(Data extracted from a collection)
%%

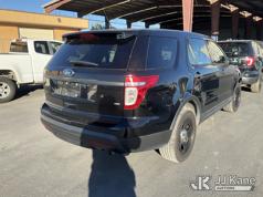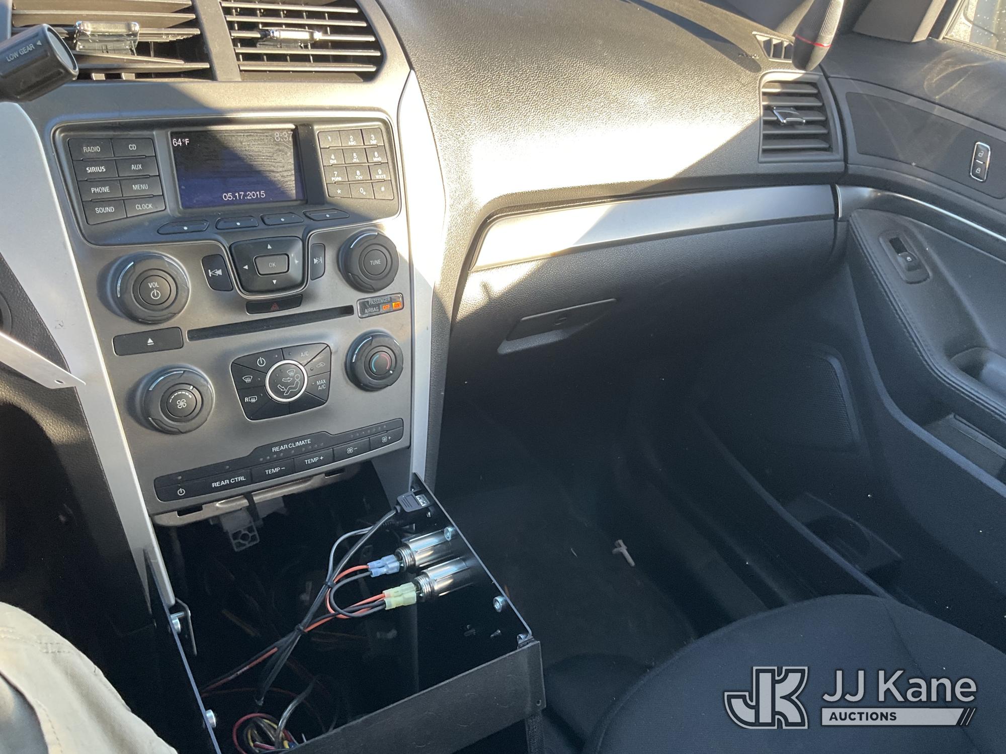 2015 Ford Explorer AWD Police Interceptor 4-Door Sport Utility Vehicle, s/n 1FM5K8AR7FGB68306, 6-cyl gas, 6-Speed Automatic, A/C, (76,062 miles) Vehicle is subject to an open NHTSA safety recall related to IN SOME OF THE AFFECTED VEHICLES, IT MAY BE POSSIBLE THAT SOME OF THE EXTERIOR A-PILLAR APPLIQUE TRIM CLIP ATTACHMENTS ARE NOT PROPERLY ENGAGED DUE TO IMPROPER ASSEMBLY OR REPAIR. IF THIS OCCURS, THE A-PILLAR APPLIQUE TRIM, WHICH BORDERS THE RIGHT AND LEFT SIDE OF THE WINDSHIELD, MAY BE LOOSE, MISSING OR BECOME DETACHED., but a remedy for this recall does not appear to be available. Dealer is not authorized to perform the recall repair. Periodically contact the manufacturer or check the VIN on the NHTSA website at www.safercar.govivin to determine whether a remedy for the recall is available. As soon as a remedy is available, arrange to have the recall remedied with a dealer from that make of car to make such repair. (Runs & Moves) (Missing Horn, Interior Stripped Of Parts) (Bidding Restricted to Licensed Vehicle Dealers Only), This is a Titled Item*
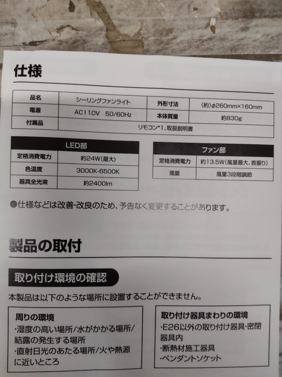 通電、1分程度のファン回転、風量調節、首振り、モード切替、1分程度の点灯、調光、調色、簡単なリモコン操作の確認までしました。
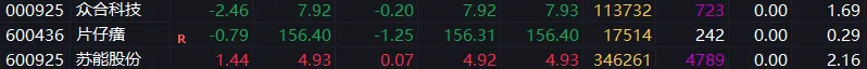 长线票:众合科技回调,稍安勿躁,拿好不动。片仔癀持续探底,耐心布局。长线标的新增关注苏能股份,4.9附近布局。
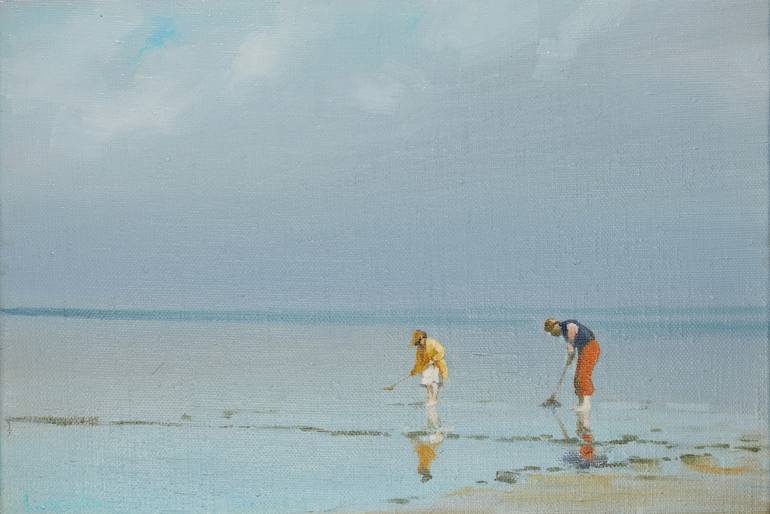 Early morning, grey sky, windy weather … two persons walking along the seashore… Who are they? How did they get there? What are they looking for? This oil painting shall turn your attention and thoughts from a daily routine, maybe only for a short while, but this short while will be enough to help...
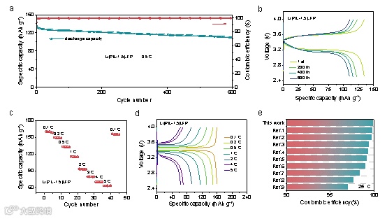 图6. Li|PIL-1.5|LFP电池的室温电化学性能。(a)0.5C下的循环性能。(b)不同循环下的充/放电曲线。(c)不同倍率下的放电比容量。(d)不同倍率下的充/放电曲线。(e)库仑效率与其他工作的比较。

%%

Write the lines from the one with "长线票:众合科技回调,稍安勿" through the last line of the entries out again exactly, both ends included, and skip the pictures.

 长线票:众合科技回调,稍安勿躁,拿好不动。片仔癀持续探底,耐心布局。长线标的新增关注苏能股份,4.9附近布局。
 Early morning, grey sky, windy weather … two persons walking along the seashore… Who are they? How did they get there? What are they looking for? This oil painting shall turn your attention and thoughts from a daily routine, maybe only for a short while, but this short while will be enough to help...
 图6. Li|PIL-1.5|LFP电池的室温电化学性能。(a)0.5C下的循环性能。(b)不同循环下的充/放电曲线。(c)不同倍率下的放电比容量。(d)不同倍率下的充/放电曲线。(e)库仑效率与其他工作的比较。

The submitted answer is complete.